Though now I have to fix the default console, to get kernel messages on
hvc0:

console=hvc0

Samuel



Bug#958311: cloud kernel 5.5.0-2 does not boot under xen

2022-06-09 Thread Andy Smith
Hi,

On Thu, Jun 09, 2022 at 02:00:30PM +0300, Aleksi Suhonen wrote:
> The underlying problem is that the cloud kernel is compressed with an
> algorithm that grub can't uncompress. What I've been doing as a workaround
> is that I decompress the kernel myself in a kernel install hook.

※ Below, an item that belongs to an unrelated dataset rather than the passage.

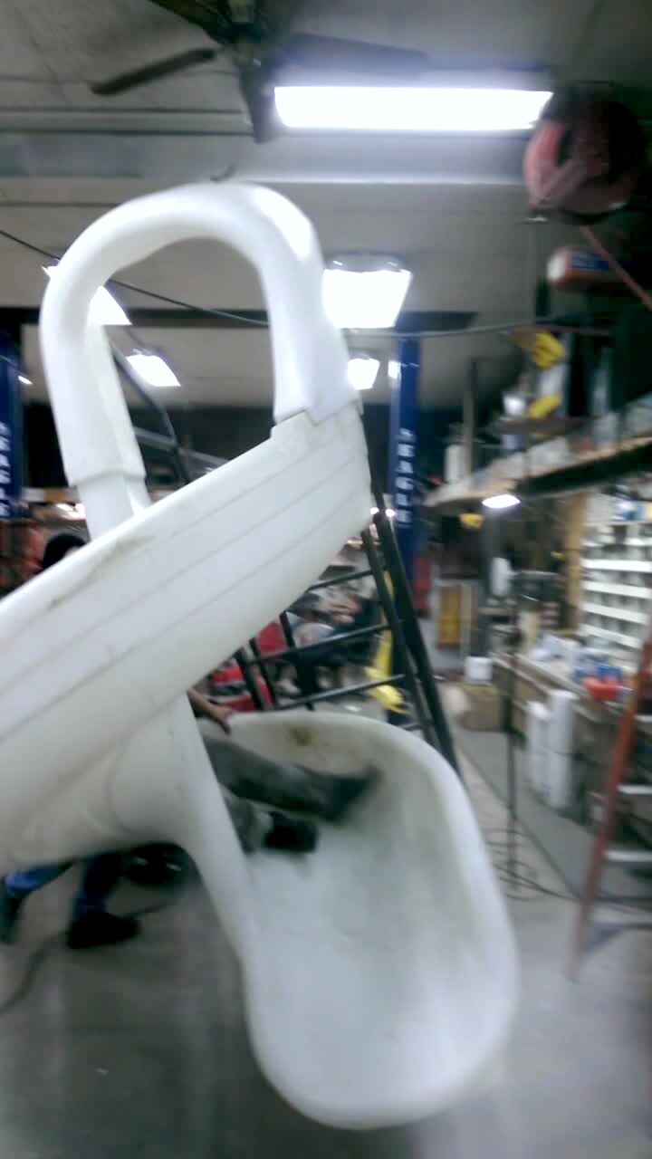 A man goes down a water slide he built in a warehouse indoors but the slide is not bolted down and tips over before he reaches the floor.

Can you show us your xen domu config file? I'm interested in what
method you are using to boot these.

If you're using pvgrub2 to boot PV mode then the bad news is that it
seems to be largely abandoned as nobody wants to alter it to support
different kernel compression methods.

The good news is that you should be able to easily switch to PVH
mode with pvhgrub which uses grub's core routines to decompress the
kernel and therefore supports whatever compression methods that grub
normally does.

Cheers,
Andy



Bug#958311: cloud kernel 5.5.0-2 does not boot under xen

2022-06-09 Thread Diederik de Haas
Hi,

On Thursday, 9 June 2022 13:00:30 CEST Aleksi Suhonen wrote:
> On 07/06/2022 16:36, Diederik de Haas wrote:
> > Can you still reproduce this issue on a more recent kernel (5.10 or
> > later)?
> 
> 5.10 and many later kernels still have this issue. I haven't tried 5.17
> or 5.18, but I suspect they still do.

I think that's a reasonable assumption.

> The underlying problem is that the cloud kernel is compressed with an
> algorithm that grub can't uncompress. What I've been doing as a
> workaround is that I decompress the kernel myself in a kernel install hook.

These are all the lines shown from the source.